• **Listed records**
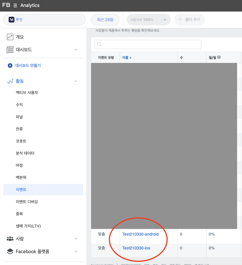 - 위처럼 코드를 작성하면 아래 사진처럼 활동 > 이벤트에 기록이 됩니다! 이렇게 기록이 잘되면 연결이 된 것입니다.
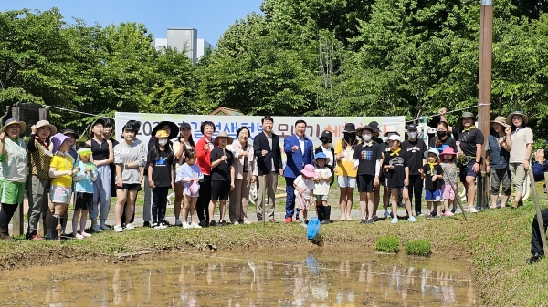 [금요저널] 부평구는 지난 3일 갈산근린공원에서 지역 주민들과 함께 ‘모내기 체험행사’를 진행했다.
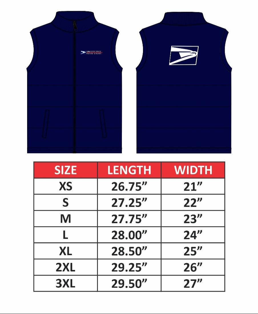 2 tone navy vest in men's sizes. We recommend men order a size bigger and ladies order there actual size. Logos are embroidered. Perfect with a hoodie or even our quarter zip sweater sweater.
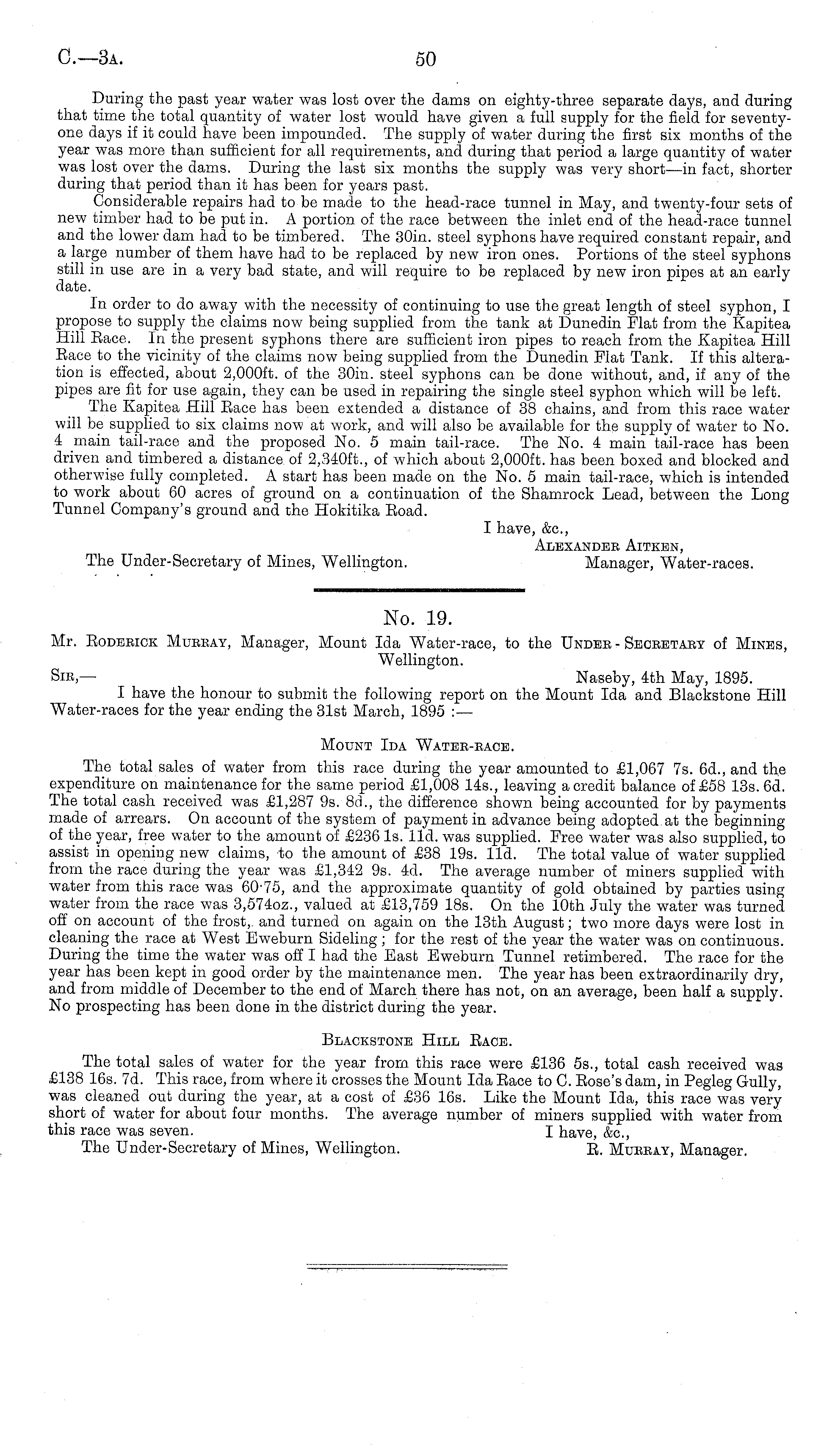No. 19. Mr. Eodbeick Mueeay, Manager, Mount Ida Water-race, to the Under - Secbetaby of Mines, Wellington. Sib,— Naseby, 4th May, 1895. I have the honour to submit the following report on the Mount Ida and Blackstone Hill Water-races for the year ending the 31st March, 1895 :— Mount Ida Wateb-bace. The total sales of water from this race during the year amounted to £1,067 7s. 6d., and the expenditure on maintenance for the same period £1,008 145., leaving a credit balance of £58 13s. 6d. The total cash received was £1,287 9s. Bd., the difference shown being accounted for by payments made of arrears. On account of the system of payment in advance being adopted at the beginning of the year, free water to the amount of £236 Is. lid. was supplied. Free water was also supplied, to assist in opening new claims, to the amount of £38 19s. lid. The total value of water supplied from the race during the year was £1,342 9s. 4d. The average number of miners supplied with water from this race was 6075, and the approximate quantity of gold obtained by parties using water from the race was 3,5740z., valued at £13,759 18s. On the 10th July the water was turned off on account of the frost, and turned on again on the 13th August; two more days were lost in cleaning the race at West Eweburn Sideling ; for the rest of the year the water was on continuous. During the time the water was off I had the East Eweburn Tunnel retimbered. The race for the year has been kept in good order by the maintenance men. The year has been extraordinarily dry, and from middle of December to the end of March there has not, on an average, been half a supply. No prospecting has been done in the district during the year. Blackstone Hill Eace. The total sales of water for the year from this race were £136 55., total cash received was £138 16s. 7d. This race, from where it crosses the Mount Ida Eace to C. Eose's dam, in Pegleg Gully, was cleaned out during the year, at a cost of £36 16s. Like the Mount Ida, this race was very short of water for about four months. The average number of miners supplied with water from this race was seven. I have, &c, The Under-Secretary of Mines, Wellington. E. Mubeay, Manager.
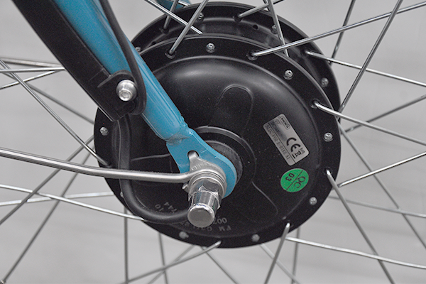 前輪はモーターで、後輪はペダルを漕ぐ力で駆動することにより両輪で力強く走ります。
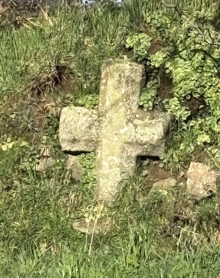 1100. Kerhuzal no 3, g. 1,20 m. Haut Moyen Age. Croix fruste, branche haute brisée. [YPC 1980]

• **What is being asked**
Using the data above, write out every line exactly, leaving the images behind.

• **Written response**
 - 위처럼 코드를 작성하면 아래 사진처럼 활동 > 이벤트에 기록이 됩니다! 이렇게 기록이 잘되면 연결이 된 것입니다.
 [금요저널] 부평구는 지난 3일 갈산근린공원에서 지역 주민들과 함께 ‘모내기 체험행사’를 진행했다.
 2 tone navy vest in men's sizes. We recommend men order a size bigger and ladies order there actual size. Logos are embroidered. Perfect with a hoodie or even our quarter zip sweater sweater.
No. 19. Mr. Eodbeick Mueeay, Manager, Mount Ida Water-race, to the Under - Secbetaby of Mines, Wellington. Sib,— Naseby, 4th May, 1895. I have the honour to submit the following report on the Mount Ida and Blackstone Hill Water-races for the year ending the 31st March, 1895 :— Mount Ida Wateb-bace. The total sales of water from this race during the year amounted to £1,067 7s. 6d., and the expenditure on maintenance for the same period £1,008 145., leaving a credit balance of £58 13s. 6d. The total cash received was £1,287 9s. Bd., the difference shown being accounted for by payments made of arrears. On account of the system of payment in advance being adopted at the beginning of the year, free water to the amount of £236 Is. lid. was supplied. Free water was also supplied, to assist in opening new claims, to the amount of £38 19s. lid. The total value of water supplied from the race during the year was £1,342 9s. 4d. The average number of miners supplied with water from this race was 6075, and the approximate quantity of gold obtained by parties using water from the race was 3,5740z., valued at £13,759 18s. On the 10th July the water was turned off on account of the frost, and turned on again on the 13th August; two more days were lost in cleaning the race at West Eweburn Sideling ; for the rest of the year the water was on continuous. During the time the water was off I had the East Eweburn Tunnel retimbered. The race for the year has been kept in good order by the maintenance men. The year has been extraordinarily dry, and from middle of December to the end of March there has not, on an average, been half a supply. No prospecting has been done in the district during the year. Blackstone Hill Eace. The total sales of water for the year from this race were £136 55., total cash received was £138 16s. 7d. This race, from where it crosses the Mount Ida Eace to C. Eose's dam, in Pegleg Gully, was cleaned out during the year, at a cost of £36 16s. Like the Mount Ida, this race was very short of water for about four months. The average number of miners supplied with water from this race was seven. I have, &c, The Under-Secretary of Mines, Wellington. E. Mubeay, Manager.
 前輪はモーターで、後輪はペダルを漕ぐ力で駆動することにより両輪で力強く走ります。
 1100. Kerhuzal no 3, g. 1,20 m. Haut Moyen Age. Croix fruste, branche haute brisée. [YPC 1980]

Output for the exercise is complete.